When you reach the line below that has "The Parliament of", start returning lines exactly, and stop after the line that has "Hotel 中山中心逸衡酒店》全程食足6餐 純玩2天"; skip the pictures.

### Dataset content

=== Begin Enclosure ===

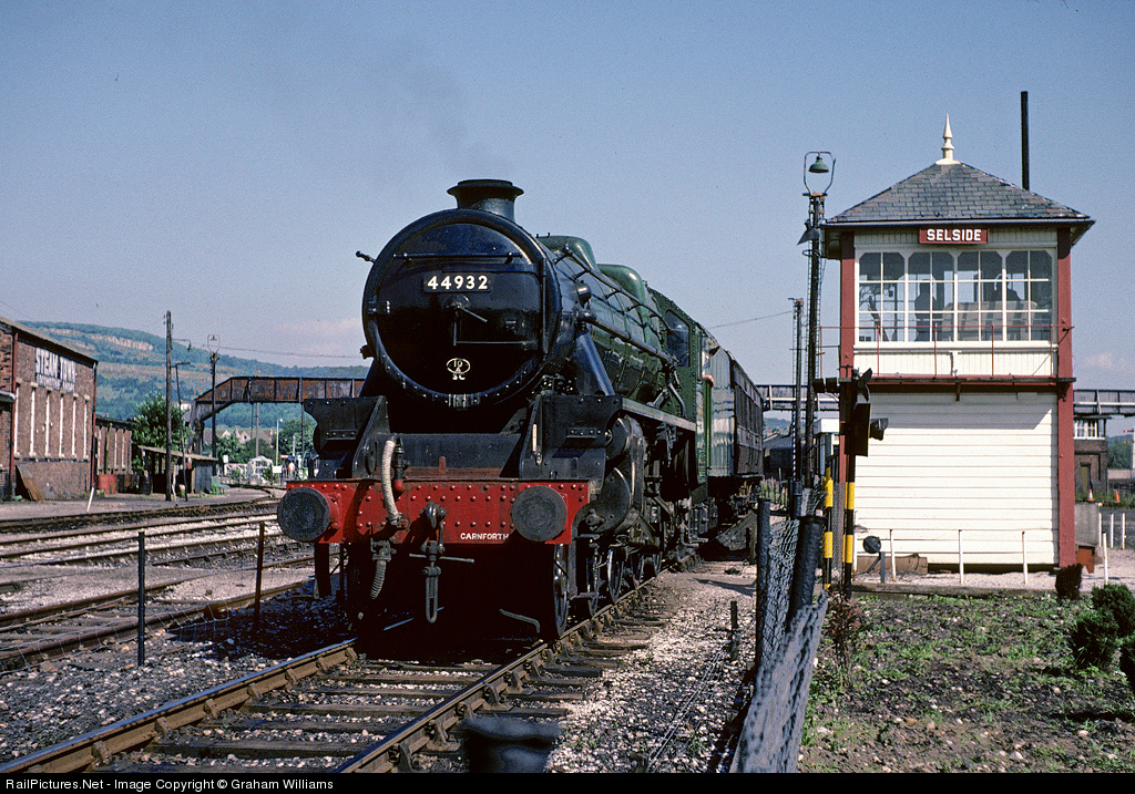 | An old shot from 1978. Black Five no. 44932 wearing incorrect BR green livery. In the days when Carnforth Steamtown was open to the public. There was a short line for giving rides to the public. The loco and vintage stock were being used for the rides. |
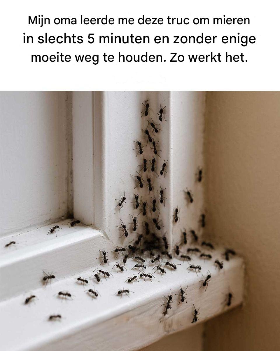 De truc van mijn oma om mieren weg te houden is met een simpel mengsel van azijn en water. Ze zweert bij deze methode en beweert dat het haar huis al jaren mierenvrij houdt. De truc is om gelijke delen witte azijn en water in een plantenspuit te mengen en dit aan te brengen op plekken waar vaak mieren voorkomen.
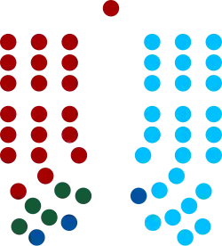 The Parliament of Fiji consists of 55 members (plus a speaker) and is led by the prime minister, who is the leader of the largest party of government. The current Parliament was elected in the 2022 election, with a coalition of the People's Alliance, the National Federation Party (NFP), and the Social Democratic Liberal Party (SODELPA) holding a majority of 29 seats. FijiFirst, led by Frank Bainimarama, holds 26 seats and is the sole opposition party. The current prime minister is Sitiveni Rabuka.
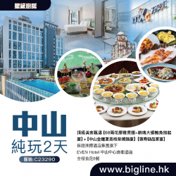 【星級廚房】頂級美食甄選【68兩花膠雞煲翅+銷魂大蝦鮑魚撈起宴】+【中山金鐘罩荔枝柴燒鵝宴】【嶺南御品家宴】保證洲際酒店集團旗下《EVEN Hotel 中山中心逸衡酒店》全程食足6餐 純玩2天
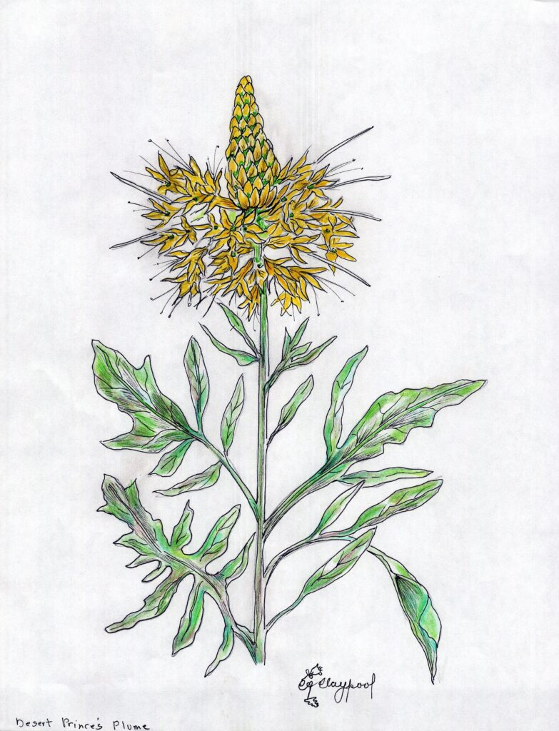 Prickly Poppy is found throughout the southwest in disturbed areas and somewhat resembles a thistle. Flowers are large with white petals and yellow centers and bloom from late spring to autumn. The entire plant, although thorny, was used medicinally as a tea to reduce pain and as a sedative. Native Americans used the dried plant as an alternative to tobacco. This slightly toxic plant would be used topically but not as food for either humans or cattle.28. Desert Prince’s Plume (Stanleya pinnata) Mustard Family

=== End Enclosure ===
=== Begin Enclosure ===

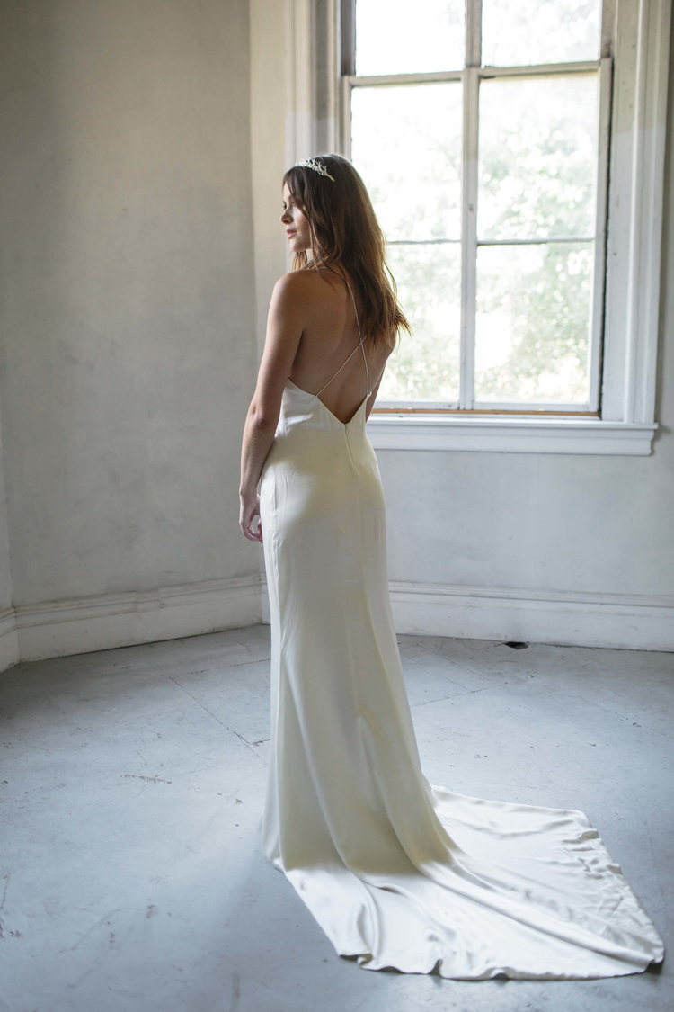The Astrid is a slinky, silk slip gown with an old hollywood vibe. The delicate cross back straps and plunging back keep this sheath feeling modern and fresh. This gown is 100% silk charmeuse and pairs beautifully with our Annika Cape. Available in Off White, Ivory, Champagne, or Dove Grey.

=== End Enclosure ===

### Expected answer
 The Parliament of Fiji consists of 55 members (plus a speaker) and is led by the prime minister, who is the leader of the largest party of government. The current Parliament was elected in the 2022 election, with a coalition of the People's Alliance, the National Federation Party (NFP), and the Social Democratic Liberal Party (SODELPA) holding a majority of 29 seats. FijiFirst, led by Frank Bainimarama, holds 26 seats and is the sole opposition party. The current prime minister is Sitiveni Rabuka.
 【星級廚房】頂級美食甄選【68兩花膠雞煲翅+銷魂大蝦鮑魚撈起宴】+【中山金鐘罩荔枝柴燒鵝宴】【嶺南御品家宴】保證洲際酒店集團旗下《EVEN Hotel 中山中心逸衡酒店》全程食足6餐 純玩2天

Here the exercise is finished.